Uzun seferlerde ekip yatıya kalıyorsa, ekibin bir ferdi olan teknisyen de aynı ekip mensubu olduğundan o da yatıya kalmalı. Ayrım yapılmamalı. (Bizim zamanımızda ayrım yaptırtmıyorduk) Bu işi çözmek son derece kolay. Ancak, bu yalnızca bir sendikal konu değildir. Aynı zamanda Dernek yönetiminin de yaptırım gücüne ve desteğine bağlıdır. Yapılacak işlem çok kolay… O hatta yapılacak uçuşlarda ilk seferde iki teknisyen gidecek ve biri dönüp diğeri orada kaldığında sorun çözülüyor. Doğal olarak ilk sefer sonrasında sistem yerine oturuyor ve o uçuşa artık tek kişi gidiyor.
Tabii ki uçuşlara katılan teknisyen arkadaşların da kılık kıyafet, hal ve tavırlarına son derece dikkat etmeleri gerekir.
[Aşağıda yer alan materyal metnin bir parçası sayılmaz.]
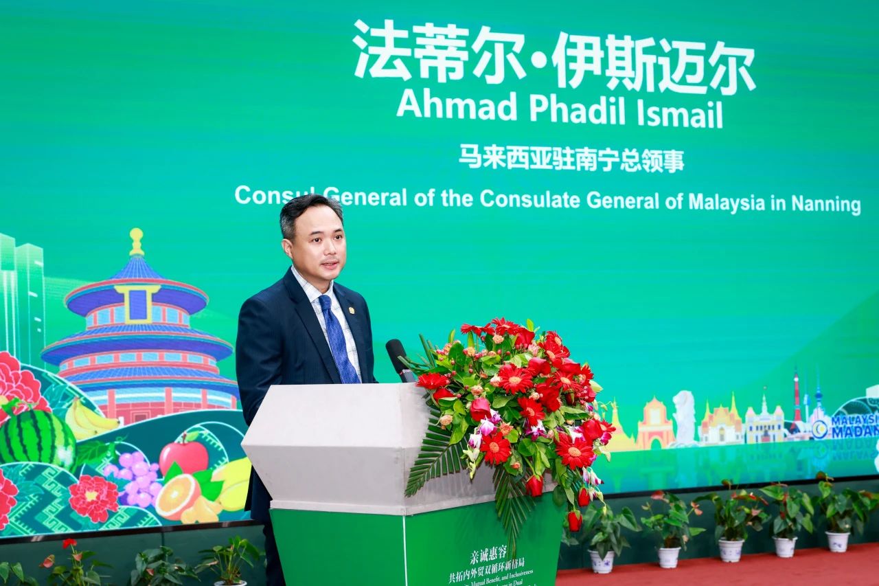 朱雁玲在致辭中表示,馬來西亞是中國—東盟水果貿(mào)易的重要樞紐,同時(shí)在推動全球清真產(chǎn)業(yè)發(fā)展中發(fā)揮著重要作用。匯聚中心既是經(jīng)貿(mào)合作的交流平臺,也是文化互動的“會客廳”,我們與匯聚中心聯(lián)合舉辦此次活動,旨在助力暢通廣西企業(yè)與東盟特別是馬來西亞市場之間的經(jīng)貿(mào)通道,讓更多“廣西優(yōu)質(zhì)好物”與“馬來特色商品”互通有無。

Çünkü onlar uçuş görevlerinde sadece kendilerini değil, tüm tekniği temsil ediyorlar.
İkinci sorun ise çok önemli. Adil uçuş görevi… Genelde uçuşa gidecek kişiler bizim zamanımızda vardiya şefi tarafından belirlenir ve göreve yollanırdı. Tabii ki bu sistemde haksızlıklar çok olurdu. Düşünsenize devamlı aynı teknisyenler uçuşa giderken diğerleri hiç gidemiyor veya çok az gidiyorlar.
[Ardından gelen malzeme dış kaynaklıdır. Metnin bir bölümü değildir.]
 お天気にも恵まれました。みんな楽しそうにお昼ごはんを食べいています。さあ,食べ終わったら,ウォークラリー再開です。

Bunun da önüne geçmiş ve ÇANAK sistemi uygulamıştık. Uçuşa giden arkadaşımız uçuşa gittiğinde onun yerine bir başkası hangarda veya apronda ter döküyorken birinin uçuş ücreti alıp diğerinin hep hangarda bırakılması yanlış oluyordu. Bu işin çözümü o vardiyadaki uçucu teknisyen olarak her an göreve gidebilecek olanlar belli olduğundan, uçuş ücreti alan teknisyenler bunu bir çanak sistemi doğrultusunda uçuş ücretleri yattığında paylaşırlardı.
Kısaca vardiya şefi veya müdürünün torpilli yaklaşımını engellemenin yanı sıra kimsenin hakkını yedirmemeye dikkat ederdik.
NOT/ Henüz sendika yönetiminden ses seda çıkmayınca bende bu haftayı tekniğin uçuş ekiplerindeki haksızlığa değinmeye ayırmayı düşündüm. Umarım faydalı olur.